Tumihaise attributes most of the insurance woes to lack of public sensitisation; “some people don’t even understand how the policy is supposed to help them or what qualifies them for compensation,
 
And when they get involved in motor accidents, they either try to negotiate with the victim and compensate them or they pay the victim before they can have their vehicles released by police,” he said.
 
Speaking to Business Vision in an interview, Tumuhaise also expressed dissatisfaction that compensation under the Third Party policy is premised on outdated laws requiring an insurance firm to pay only sh1m per person or a maximum of sh10m per accident no matter how many people are involved in the same.
 
“Motor vehicle Insurance (Third Party Risks) Act of 1988 remains one of the most critical commercial laws that need expeditious amendment to align it to the current money market value dynamics,” he said.
 
What should you do after an accident?
Social compassion demands that you assist the victim to reach hospital if this is required. Report the accident to the Police and then ask your motor third party insurers to assist the victim. According to the Insurance Act, the victim cannot demand compensation from your insurance because the insurance has a contract with you not the victim.
 
All third party claims in respect of damages to property, death or bodily injury, the third party shall proceed against the owner of the car, or the driver and not the insurer, according to the insurance Act.
 
In payment of claims, the insurer compensates the affected individual with a sum of money equivalent to the value of property destroyed bearing in mind the excess that is always borne by the insured.
 
 
What you need to claim third party
Before processing a Motor Third Party insurance claim, there are documents one need to get.

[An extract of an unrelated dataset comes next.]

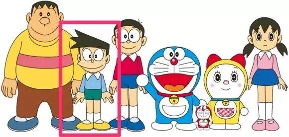 漫画中,小夫的正面总是嘴巴突出,头发也永远偏向一侧。在三维化之后,为了使角色从各个角度看起来都比较舒服且符合透视规律,小夫的嘴和头发变成了向前、向上突出,因此,三维小夫的正面与二维小夫的正面效果就有所不同了。

A Police Abstract Report to prove that an accident actually occurred and the claimant was the real victim of the accident.
 
A Death Certificate in case the accident victim dies. The certificate bears the cause of the accident.
 
A letter from the Chairman of the Local Council and letters of administration. These serve to introduce the victim especially when he has no recognised identification. Letters of administration serve the purpose of ensuring that the administrator of the estate of the deceased is the person supposed to be paid.
 
In the case of non-fatal accidents, a medical report and medical bills may be required to ascertain the medical expenses incurred by the victim.
 
Insurance certificate as proof that the insured entered into a contract with the insurance company, among others.